Here are some bads I can think of:
I can easily forget what changes I made. For example, created a new type,
or edited comment
It is hard to determine a name (order) for the file.
Change the code would be a pain in the ass, especially when the new
code changes the order.
So my workflow is bad. I was wondering what other Postgres developers' workflow looks like.
Are there any good tools (free or cheap) for editing and saving scripts? good IDE maybe?
It would be great if I can create automated unit tests for the database.
Any tool for recreating the database? CI server tool?
Basically I am looking for any advice, good practice, or good tool for database development.
(Sorry, this question may not fit for the Q&A format, but I do not know where else to ask this question.)

Check out liquibase. We use it in the company I work at to setup our PostgreSQL database. It's open source, easy to use and the changelog file you end up with can be added to source control. Each changeset gets an id, so that each changeset is only run once.

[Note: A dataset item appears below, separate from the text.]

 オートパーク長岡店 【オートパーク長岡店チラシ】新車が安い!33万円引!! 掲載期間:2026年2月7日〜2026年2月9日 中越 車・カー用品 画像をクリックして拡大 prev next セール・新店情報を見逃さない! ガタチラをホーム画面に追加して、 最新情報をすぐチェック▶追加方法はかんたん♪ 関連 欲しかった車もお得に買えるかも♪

You end up with two extra tables for tracking the changes to the database when it's run.
While it's DB agnostic, you can use PostgreSQL SQL directly in each changeset and each changeset can have it's own comments.
The only caveat from having used it is that you have to caution yourself and others not to re-use a changeset once it's been applied to a database. Any changes to an already applied changeset result in a different checksum (even whitespace) which can cause liquibase to abort it's updates. This can end up in failed DB updates in the field, so each update to any of the changelogs should be tested locally first. Instead all changes, however minor should be inserted into a new changeset with a new id. They have a changeset sub-tag called "validCheckSum" to let you work around this, but I think it's better to try to enforce always making a new changeset.
Here are the doc links for creating a table and creating a view for example.

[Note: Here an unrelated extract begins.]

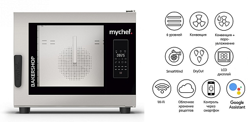• Облачное хранение рецептов и параметров приготовления на базе сайта Mychef с возможностью подключения нескольких печей
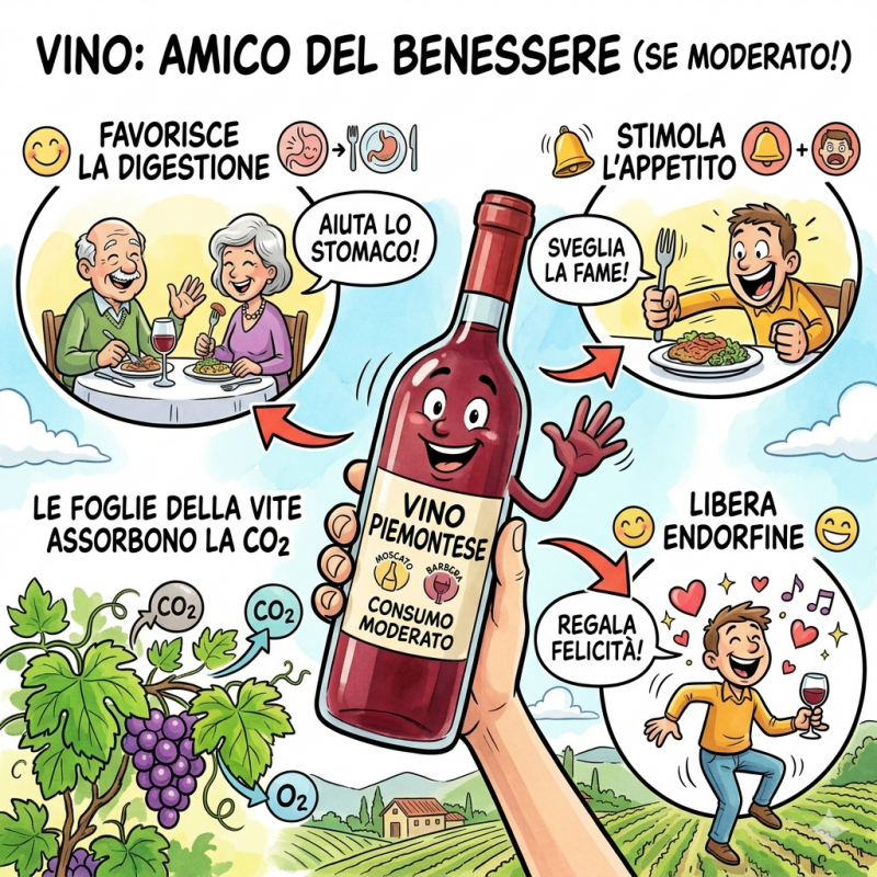 Il vino, bevanda antica 15mila anni, se consumato in dosi moderate favorisce la digestione, stimola l'appetito negli anziani e libera endorfine. Oltre alle proprietà terapeutiche contro il raffreddore (come nel caso del Vin Brulè), la vite vanta curiosità storiche, come i rami usati da Spartaco per fuggire dal Vesuvio, e ambientali, grazie alla capacità delle foglie di purificare l'aria assorbendo CO2 . (Ciro Vestita su QN del 4 aprile)

Well, your question is actually quite relevant to any database developer, and, if I understand it correctly, there is another way to get to your desired results.
One interesting thing to mention is that your idea of separating different changes into different files is the concept of migrations of Ruby On Rails. You might even be able to use the rake utility to keep track of a workflow like yours.
But now to what I think migh be your solution. PostgreSQL, and others to be sincere, have specific utilities to handle data and schemas like what you probably need.
The pg_dumpall command-line executable will dump the whole database into a file or the console, in a way that the psql utility can simply "reload" into the same, or into another (virgin) database.
So, if you want to keep only the current schema (no data!) of a running database cluster, you can, as the postgres-process owner user:
$ pg_dumpall --schema-only > schema.sql
Now the schema.sql will hold exactly the same users/databases/tables/triggers/etc, but not data. If you want to have a "full-backup" style dump (and that's one way to take a full backup of a database), just remove the "--schema-only" option from the command line.
You can reload the file into another (should be virgin, you might mess up a database with other data doing this):
$ psql -f schema.sql postgres
Now if you only want to dump one database, one table, etc. you should use the pg_dump utility.
$ pg_dump --schema-only <database> > database-schema.sql
And then, to reload the database into a running postgresql server:
$ psql <database> < database-schema.sql
As for version control, you can just keep the schema.sql file under it, and just dump the database again into the file before every vc commit. So at some particular version control state will you have the code and the working database schema that goes with it.
Oh, and all the tools I mentioned are free, and pg_dump and pg_dumpall come with the standard PostgreSQL installation.
Hope that helps,
Marco

You're not far off. I'm a Java developer, not a DBA, but building out the database as a project grows is an important task for the teams I've been on, and here's how I've seen it done best:
All DB changes are driven by DDL (SQL create, alter, or delete statements) plain text scripts. No changes through the DB client. Use a text editor that supports syntax highlighting like vim or notepad++, as the highlighting can help you find errors before you run the script.
Use a number at the beginning of each DDL script to define the order that scripts are run in. Base scripts have lower numbers. As the project grows, use alter new alter scripts to change the table, don't redefine the table in the initial script.
Use a script and the psql client to load the DDL scripts from lowest to highest. Here's the bash script we use. You can use it as a base for a .bat script on windows.
#!/bin/bash
export PGDATABASE=your_db export
export PGUSER=your_user export
export PGPASSWORD=your_password
for SQL_SCRIPT in $( find ./ -name "*.sql" -print | sort);
do
echo "**** $SQL_SCRIPT ****"
psql -q < $SQL_SCRIPT
done
As the project grows, use new alter scripts to change the table, don't redefine the table in the initial script.
All scripts are checked into source control. Each release is tagged so you can regenerate that version of the database in the future.
For unit testing and CI, most CI servers can run a script to drop and recreate a schema. One oft-cited framework for PostGresql unit testing is pgTAP

I'm a DBA and my workflow is almost equal the suggested by #Ireeder... but besides use a script shell to maintain the ddl scripts updated, I use a tool called dbmaintain DBMaintain
DbMaintain needs some configuration, but it is not a pain... It maintain control of which scripts were executed and in which order.
The principal benefit, is that if a script sql that were already executed changes, it complain by default, or execute just that script (if configured to do so)... The similar behavior works when you add a new script on the environment... it executes just that new script.
it's perfect to deploy and maintain development and production environments up to date... dont being necessary execute all scripts every time (like that shell suggested by Ireeder) or being necessary execute manually each new scripts.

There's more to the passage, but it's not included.